■ EXERCISE AIM
In the data below, set down exactly the lines from the one containing "van boer Kruit." up to and including the one containing "Paris im 18.". Leave the pictures out.

*** DATASET CONTENT Section Begins ***

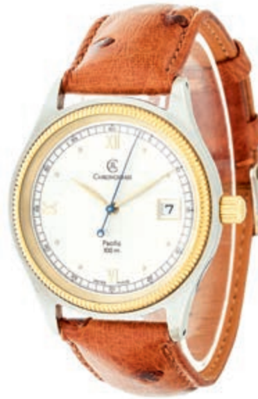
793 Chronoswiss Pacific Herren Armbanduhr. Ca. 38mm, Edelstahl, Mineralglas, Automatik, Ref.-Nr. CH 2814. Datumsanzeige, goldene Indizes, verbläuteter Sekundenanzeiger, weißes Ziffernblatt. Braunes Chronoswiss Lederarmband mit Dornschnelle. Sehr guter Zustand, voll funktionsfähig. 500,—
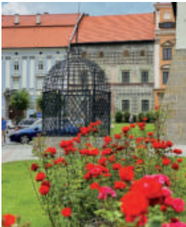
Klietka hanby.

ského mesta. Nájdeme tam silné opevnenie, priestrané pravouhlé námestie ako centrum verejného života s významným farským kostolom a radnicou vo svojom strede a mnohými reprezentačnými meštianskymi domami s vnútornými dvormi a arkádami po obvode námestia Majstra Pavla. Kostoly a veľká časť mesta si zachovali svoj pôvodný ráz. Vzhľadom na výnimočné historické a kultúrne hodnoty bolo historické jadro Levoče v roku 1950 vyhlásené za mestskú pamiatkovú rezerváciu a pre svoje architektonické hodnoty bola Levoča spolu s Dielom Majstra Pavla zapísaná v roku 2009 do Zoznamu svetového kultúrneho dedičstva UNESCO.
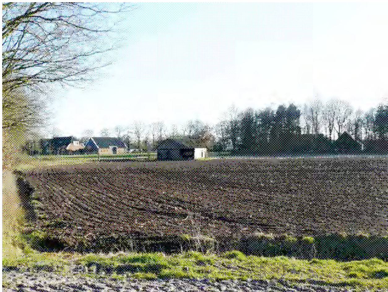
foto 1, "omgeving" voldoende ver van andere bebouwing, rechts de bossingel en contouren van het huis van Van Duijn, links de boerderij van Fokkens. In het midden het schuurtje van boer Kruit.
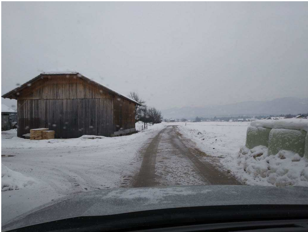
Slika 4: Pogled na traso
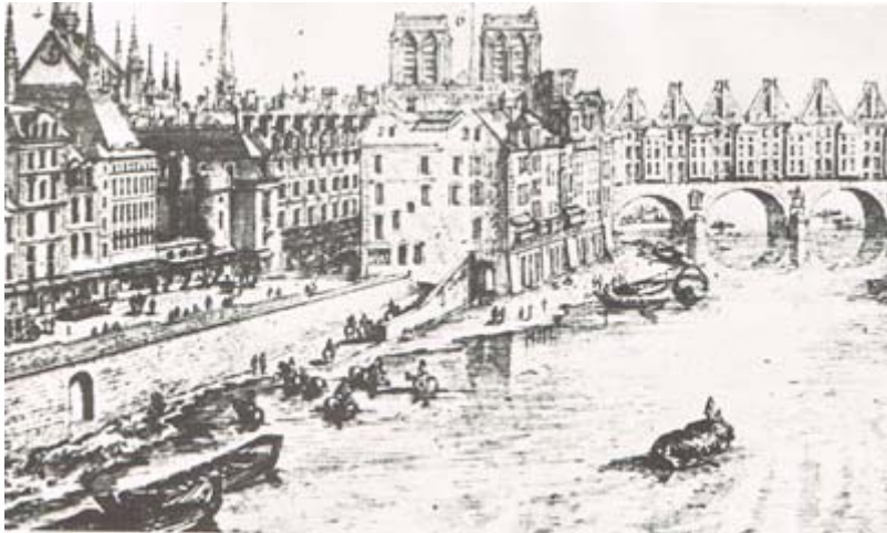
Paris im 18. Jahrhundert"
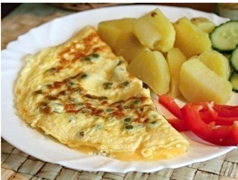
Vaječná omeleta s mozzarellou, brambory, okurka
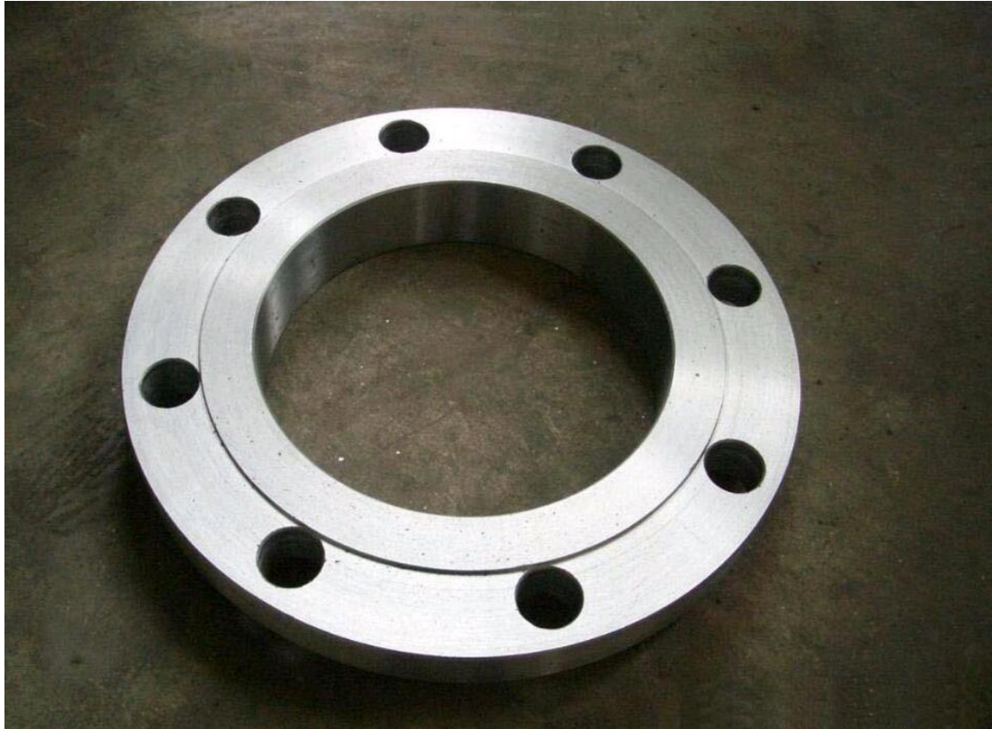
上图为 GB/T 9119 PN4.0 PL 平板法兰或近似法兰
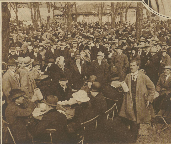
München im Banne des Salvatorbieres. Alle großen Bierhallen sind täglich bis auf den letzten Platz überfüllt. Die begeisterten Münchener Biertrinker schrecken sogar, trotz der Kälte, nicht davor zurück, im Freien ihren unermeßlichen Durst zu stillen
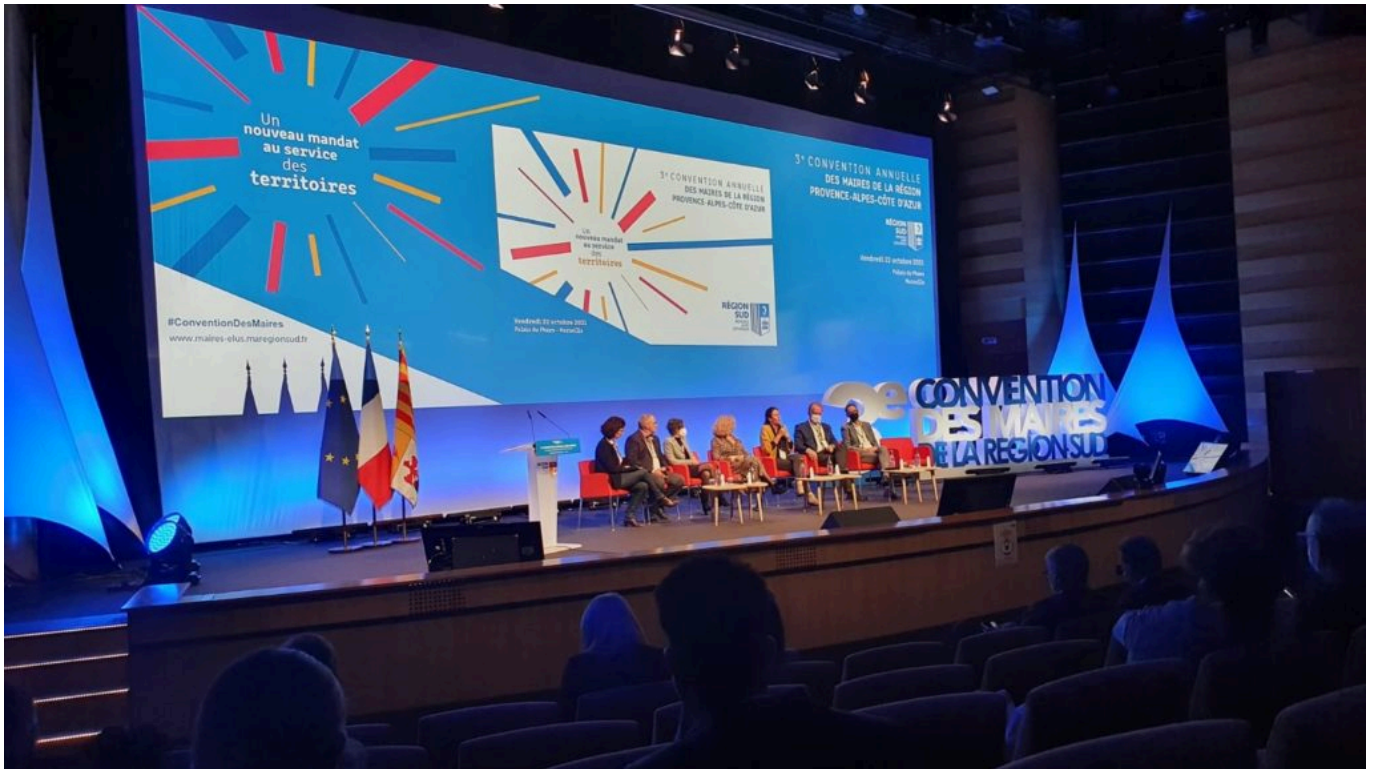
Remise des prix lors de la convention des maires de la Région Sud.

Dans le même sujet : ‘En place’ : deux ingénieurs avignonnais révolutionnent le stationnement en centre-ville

*** DATASET CONTENT Section Ends ***

■ EXERCISE ANSWER
foto 1, "omgeving" voldoende ver van andere bebouwing, rechts de bossingel en contouren van het huis van Van Duijn, links de boerderij van Fokkens. In het midden het schuurtje van boer Kruit.
Slika 4: Pogled na traso
Paris im 18. Jahrhundert"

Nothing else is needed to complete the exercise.